I like to think of AI as a force (or skill) multiplier. If you’re low skill, it doesn’t do much. The higher your skill, the more useful it is.


That hasn't been my experience, nor that of others using the AI.

It's a force constant, rather than a multiplier. If you're low skilled, asking it to do a low skilled task, it works fine. If you're high skilled, and asked it to do the low skilled task, you saved a tiny bit of time (less than that of the low skilled person).

But it cannot do a high skilled task (at least, not right now). It can pretend, which can lead the low skilled person astray (but not the high skilled person).

Therefore, all AI does is raise the floor of what is achievable by the laymen, rather than multiply the productivity of a high skilled programmer.


You could also be a mixed skilled developer. Good at regular code, architecture, and algorithms but not as familiar with a given UI framework. Having the LLM generate the html and css for a given layout description saves a lot of time looking through the docs.


Does it really? The thing is that there’s a domain model beneath each kind of library and if they solve the same problem, you will find that they will generally follows the same pattern.

Let’s take the web. React, Svelte, Angular, Alpine.js, all have the same problems they’re solving. Binding some kind of state to a template, handling form interactions, decompose the page into “components”,… once you got the gist of that, it’s pretty easy to learn. And if you care about your code being correct, you still have to learn the framework to avoid pitfalls.

Same things with 3D engines, audio frameworks, physic engines, math packages,…


Using myself as an example -- I'm a long time C programmer (occasionally in a professional setting, mostly personal or as a side-item on my primary professional duties). I've picked up other languages through the years, had to deliver a web based application a few years ago so I did a deep-dive into html5, css3, and javascript. Now javascript has evolved since then, and I lost a bit of what I learned.

So now I want to do a new web application -- If I fall back on my C roots, my Javascript looks a lot like C. Example: adding an item to an array. The C style in Javascript would be to track the length of the array in another variable "len", and do something like myarray[len++] = new_value;

I can feed this into an LLM, or even say "Give me the syntax to add a value to an array", and it gives me "myArray.push(newValue)", which reminds me that "Oh yeah, I'm dealing with a functional/object oriented language, I can do stuff like this". And it reminds me that camelCase is preferred in Javascript. (of course, this isn't the real situation I've run into, just a simplified example -- but I really don't have all the method names memorized for each data type. So in that manner it is useful to get more concise (and proper) code.


I'm sure this is valuable for you, but here is my point of view.

I've worked professionally in many languages like Perl, Python, Kotlin, C# and dabbled in Common Lisp, Prolog, Clojure, and other exotics one. Whenever I forgot the exact syntax (like the loop DSL in CL), I know that there is a specific page in the docs that details all of these information. So just a quick keyword in a search engine and I will find it.

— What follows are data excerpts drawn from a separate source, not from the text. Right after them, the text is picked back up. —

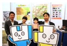
GISコミュニティフォーラム

GISコミュニティフォーラム、日比谷カレッジ(日比谷図書文化館)、青少年のための科学の祭典、G空間 EXPO、関連学会などで出展・講演しています。
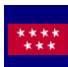
COMUNIDAD DE MADRID
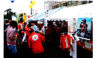
各市区町村での赤十字活動 67,973千円
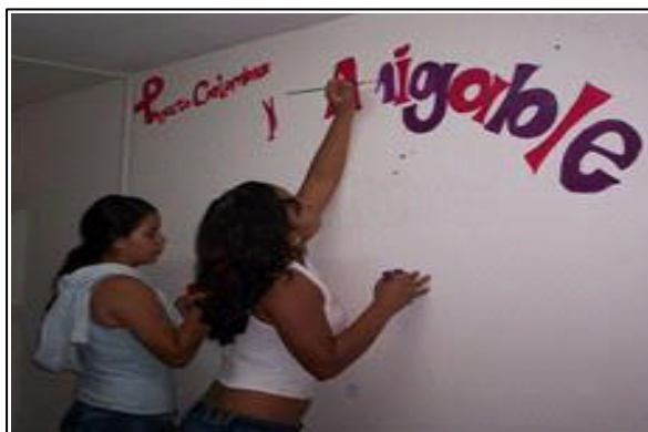
Figura 1. Jóvenes de la zona de ladera pintando un mural del consultorio para los SAJ
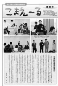
情報紙「こまえーる」第9号を発行しました

このフォーラムの企画、立案を行う市民を募集します。少しでも興味を持たれた方は、ぜひお問い合わせください。
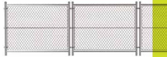
Panel Fence for Solar power Plants
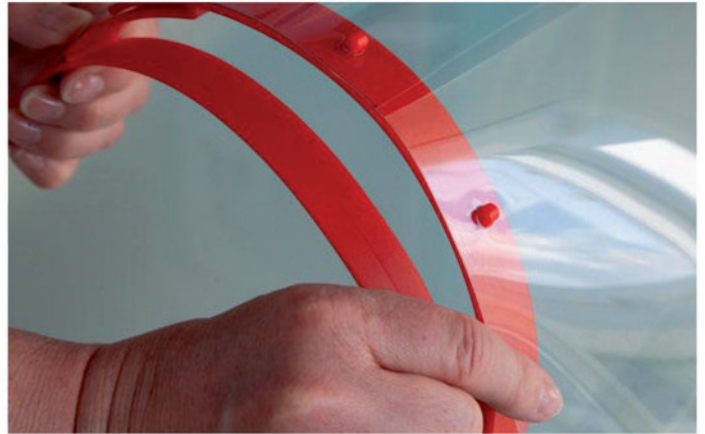
2. Die beiden mittleren Rundlöcher in die runden Zapfen des Trägerschildes eindrücken.
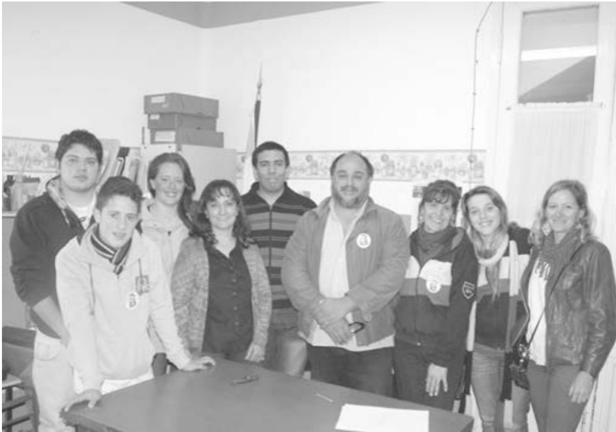
La inspectora Jefe Distrital junto a profesores y alumnos que participaron de la etapa regional de la Feria.

Por su parte, la Escuela Secundaria N° 5 de French, participó con un proyecto destinado a la ecología, para darle vida útil a los elementos en desuso, contribuyendo al reciclado. “La intención fue contagiar a la comunidad para unificar esfuerzos en juntar los residuos”, explicó una de las alumnas, indicando que “el proyecto incluye la colocación de contenedores en distintos lugares de la localidad”.
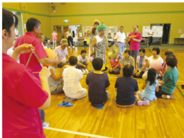
▲ かみなりさまゲーム
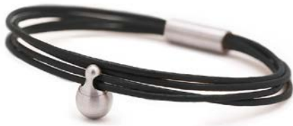
CHARM ARMBAND SCHWARZ TB-CL1

So when I come back in a language I haven't used in a while, I've got a few browser tabs opened. But that only lasts for a few days until I get back in the grove.

So for your specific example, my primary choice would have been the IDE autocompletion, then the MDN documentation for the array type. Barring that, I would have some books on the language opened (if it were some language that I'm learning).


LLMs will be best at HTML and CSS among programming languages because even if it's subtly wrong the browser will still render something.

Still, I'm not sure I need to spend $250/yr to occasionally generate some HTML that I could use a template to generate


My high skilled example from the other day: I wrote an algorithm out line by line in detail and had Claude turn it into avx2 intrinsics. It worked really well and i didn't have to dig through the manuals to remember how to get the lanes shuffled in the way I needed. Probably saved me 10 minutes but it would have been an annoying 10 minutes. :)

But that's a very low level task, where i had already decided on the "how it should be done" part. I find in general that for things that aren't really obvious, telling the llm _how_ to do it produces much more satisfactory results. I'm not quite sure how to measure that force multiplier - I can put in the same amount of work as a junior person and get better output?


> Rule number 1 and the only rule: You need to be a subject matter expert.

Strong disagree. I've been coding for 25+years but never on the front-end side. I couldn't write JS w/ pen & paper with a gun against my head. But I know what to ask and how to make sure a react component does what I want it to do, with these tools.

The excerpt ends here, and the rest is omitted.